Re: Grist for layering discussion

Butting into Peter and Sandro's discussion... and making a point different
from Sandro's.

Abstract: The n3 logic system does not fall for Russel's paradox because it
doens't allow
  an implicit introduction of contradictory statemnts in the definition of a
set.

----- Original Message -----
From: "Peter F. Patel-Schneider" <pfps@research.bell-labs.com>
To: <sandro@w3.org>
Cc: <phayes@ai.uwf.edu>; <hendler@cs.umd.edu>; <timbl@w3.org>;
<las@olin.edu>; <connolly@w3.org>; <w3c-semweb-ad@w3.org>;
<www-archive@w3.org>
Sent: Friday, January 11, 2002 11:28 AM
Subject: Re: Grist for layering discussion


> From: Sandro Hawke <sandro@w3.org>
> Subject: Re: Grist for layering discussion
> Date: Fri, 11 Jan 2002 10:42:06 -0500
>
> [...]
>
> > > The third price is that we have introduced a form of reification and a
> > > construct that can assert the truth of reification constructs.  This
> > > (probably) doesn't cause any problems here because the extension is so
> > > expressively limited.  However, for more powerful extensions
reification
> > > produces paradoxes, and thus cannot be used.
> >
> > Two answers here.
> >
> > 1.  I've heard some people say, "Who Cares?"  Operationally, what's
> > the problem with a paradox?  My guess is it will show up as infinite
> > loops and/or bottomless recursion, which is unpleasant but can be
> > managed as a resource-management problem.  That is, in theory there's
> > a huge difference between a paradox and a problem that will simply
> > take 4 hours to terminate, but operationally they're both just systems
> > that go off into the weeds.  The user presses "stop" and everything's
> > fine again.
>
> Who cares?  Just the people that matter, that's all.  By the ``people that
> matter'', I don't mean just Pat and myself, I mean anyone who wants to
> implement or work with the formalism.
>
>
> A formalism with a paradox is fundamentally broken.
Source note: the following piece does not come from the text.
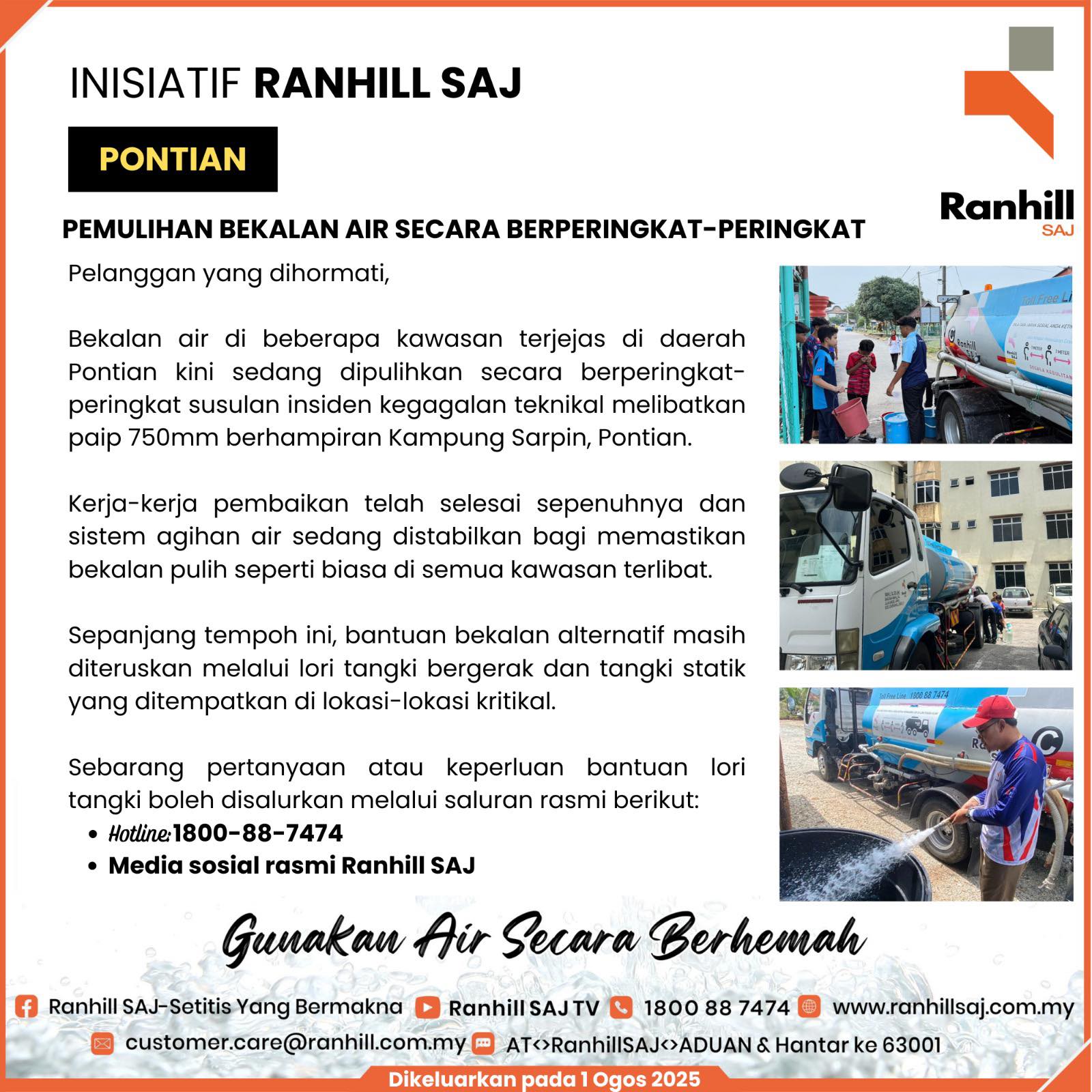 有鉴于柔佛人民对水供问题所表达的失望,殿下承诺将尽力协助解决这一问题。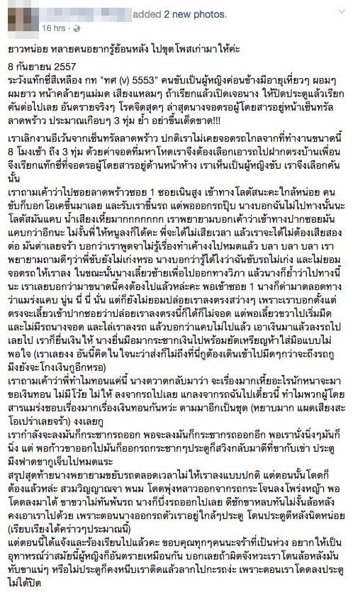 8 กันยายน 2557 ผู้โดยสารสาวโบกเรียกแท็กซี่สีเหลือง ทษ 5553 โดยมีนางผุสดี เป็นขับขี่ และมีพฤติกรรมขับอ้อม หญิงสาวจึงได้ทักท้วง ส่งผลให้คนขับไม่พอใจไล่ลงก่อนถึงจุดหมาย ซ้ำยังโกงเงินทอน และขับกระชากออกขณะลงจากรถ จนได้รับบาดเจ็บ

We need to be specific here.  A formalism which allows the expression of
a paradox is OK, so long as you can't use it to deduce that it is snowing.
So we have to be clear what "with" means here.

>  The breakage can
> appear in several ways.  For standard logics the breakage will often show
> up as a breakdown in the retrieval specification.
>
> For example, consider initial versions of set theory that allowed the
> creation of { x : x not in x }.  In a formalism that includes this paradox
> it is generally possible to reason as follows:
>
> Assume that John is in { x : x not in x }
> Then John is not in { x : x not in x }.
> Contradiction, so John is in { x : x not in x }
> implies that it is snowing.
> Assume that John is not in { x : x not in x }
> Then John is in { x : x not in x }.
> Contradiction, so John is not in { x : x not in x }
> implies that it is snowing.
> Thus it is snowing.

You are using the Principle of Excluded Middle (PEM) here - forall p, p or
not p.
That doesn't work.

Simply the construction    "S is the set of x such that F(x)"  { x: F(x)}
cannot be allowed as such in our system, as it carries a PEM assumption
in its core.  The concept of set is a well-defined partitioning of all
things
into two, and this is done, in the "such that" construction, by mapping
between things and the truth of formulae about things. However, in general
formulae are not necessarily either true or not true. We admit to the
existence of
paradoxes and tautologies.

The parlour trick in Russel's paradox is that the constraint "x is not a
member of itself"
is specified in a clause which makes "the set of all sets which are not
members
of themselves" look like a noun clause.  It isn't.   Breaking it down into
the
sort of logic we have in DAML with N3 rules, we have to say

There exists some c:such that:
  For all x:
    :c  rdf:type rdfs:Class.               # There is some class (we don't
have sets)
    {   :x rdf:type [ daml:complementOf :c]  } log:implies { :x rdf:type
:c }.  # if
    { :x rdf:type :c } log:implies {   :x rdf:type [ daml:complementOf
c]  }   # and only if.


(There is a philosophical difference that on the semantic web we can't
really
talk about a "definition" of something.  A document can introduce a concept
and
assert things about it.  But those things have no logical status above any
other
statements [[[apart from socially their authorship by the owner of the
concept
which is what mean by their being definitive]]].  Most programming langauges
allow you to define a function as that which, and separately say things
about it.)

These are a set of assertions.  They are not a set which I would accept in
my
/etc/rc.n3 file, as they clearly lead to a contradiction because if we
subsitute :c for :x
we get something which is a member of both a class and its complement, which
we know
is false. So we could use it to prove that it is snowing.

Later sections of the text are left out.